OIG Audit Report DD-10-08
PA ID# 071-UPP9W-00; Orleans Parish Sheriff’s Office
PW ID# 1320 and 15882; OIG Audit Report DD-10-08
02/26/2014
Citation: FEMA-1603-DR-LA, Orleans Parish Sheriff’s Office, Office of Inspector General, Audit Report DD-10-08
Cross-Reference: Reasonable Cost
Summary: High winds and flooding during Hurricane Katrina damaged 10 correctional facilities owned and operated by the Orleans Parish Sheriff’s Office (Applicant). As a result, the Applicant’s kitchen facilities, from which meals were prepared for employees and inmates at all 10 facilities, were rendered inoperable.
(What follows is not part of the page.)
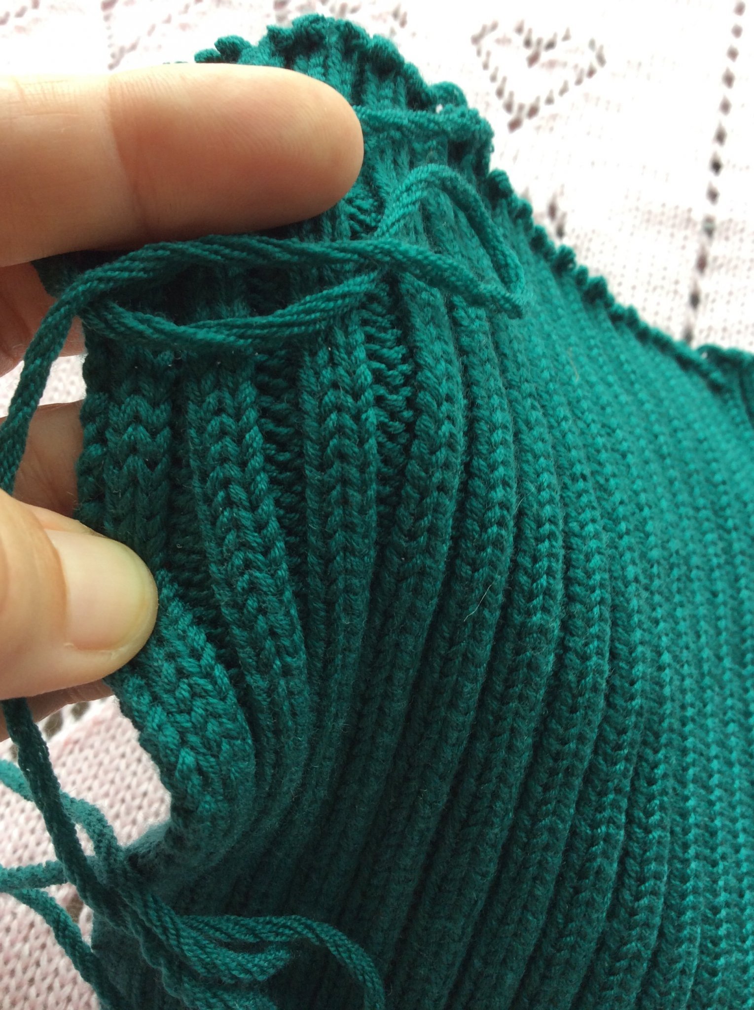 И когато накрая решиш да събереш останалите бримки, /колкото и да са те/, на един конец нанижи четните, на друг- нечетните и стегни всеки наниз поотделно. Така няма да получиш голяма дупка отгоре. /Не че ще изстинеш.../

FEMA documented the costs for both the inmates’ and employees’ catered meals on PWs 1320 and 15882. On January 31, 2010, the Department of Homeland Security Office of the Inspector General (OIG) issued the results of an audit of the Applicant’s disaster related expenses. The OIG recommended FEMA reduce the funding for employee meals by $1,000,249 due to lack of competitive contracting that resulted in unreasonable costs. In addition, the audit noted that the Applicant received $44 million in 2005 and $39 million in 2006 from outside sources for inmate custody and care, and claimed that meal costs were part of the cost for overall care. The Regional Administrator determined that the Applicant’s argument, that costs for employee meals were reasonable because they were less than the federal per diem rate, was not an acceptable measure for employee or inmate meals. Additionally, the Regional Administrator stated that the external payments for inmate per diem were not grants or donations but specific payments for the custody and care of their respective inmates which would include meals. In its second appeal, the Applicant maintains that FEMA should not de-obligate the funding because if the federal per-diem rate for food was considered reasonable for FEMA’s employees, then any daily food rate for the Applicant’s employees which fell below the federal per-diem at that time would have been reasonable. The Applicant also claimed that there was no duplication in benefits from the City of New Orleans.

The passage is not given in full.